Maybe it's time to erect temporary, "proceed with caution" signs at the entrances to Chicago's Jackson and Washington parks. The signs would be directed not at drivers, but at President Barack and Michelle Obama, Mayor Rahm Emanuel and the Barack Obama Foundation.

I thought of the need for caution as I made my way through a fascinating new doorstop of a book, "The Papers of Frederick Law Olmsted: The Last Great Projects, 1890-1895." Its 1,067-pages offer revealing glimpses into the mind of America's greatest landscape architect, including his dealings with architect Daniel Burnham as the two titans planned the World's Columbian Exposition of 1893 in Jackson Park.

The letters express the essence of Olmsted's approach: Naturalistic scenery is preferable to formal pomp; the parts of a landscape should be subordinate to the whole; details matter as much as the grand sweep of things oh do they matter!

To enliven Jackson Park's lagoons for the 1893 fair, Olmsted brought in about 50 electric launches, with colorful awnings, and imported from Venice 20 gondolas, complete with their gondoliers. The chief purpose of the boats, he told Burnham, was less to get fair-goers from Point A to Point B than to provide delightful scenery.

"Put in the waters unbecoming boats and the effect would be utterly disgusting," Olmsted wrote Burnham, who was considering the use of more cost-effective but less attractive craft.

Under normal circumstances, such observations might be of interest only to scholars and fans of landscape architecture.

But they take on fresh relevance as the Chicago-based Obama Foundation nears a decision on which of four competing proposals from Columbia University in New York, the University of Hawaii in Honolulu, the University of Illinois at Chicago, and the University of Chicago will win the Obama presidential library and museum bake-off. Obama met with his foundation's leaders last week during his stop in Chicago to make the Pullman district a national monument.

Olmsted's parks are national treasures.
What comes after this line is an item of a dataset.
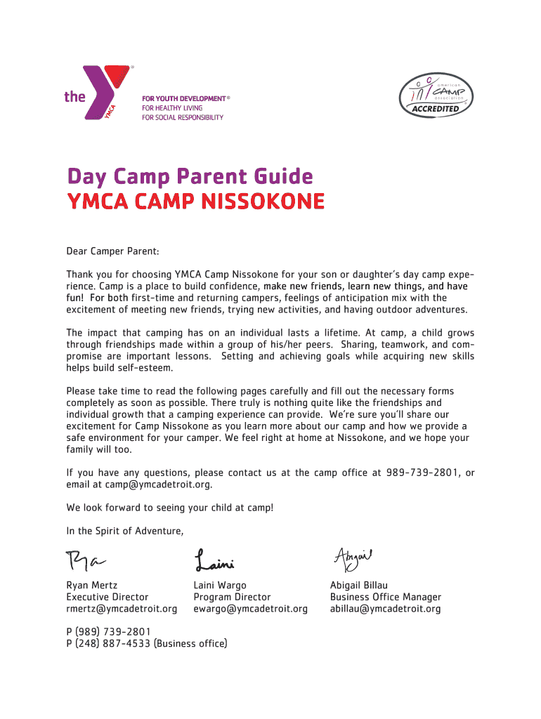 Thank you for choosing YMCA Camp Nissokone for your son or daughters day camp experience. Camp is a place to build confidence, make new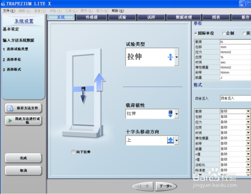 - 點擊試驗部分里的新試驗,選擇相應的試驗方案,輸入試樣的原始用戶參數(如尺寸。厚度等)

They demand to be treated with the utmost care, not trampled in a rush for economic growth. As I read Olmsted's letters, I had to wonder: What would he have thought of the U. of C.'s proposals, in which the Obama library would rise in either Jackson Park or Washington Park, another Olmsted design?

"He was generally averse to adding different types of structures to the parks," said the co-editor of the new Olmsted book, David Schuyler, a professor at Franklin & Marshall College. "He thought it compromised the very purpose of having a large urban park."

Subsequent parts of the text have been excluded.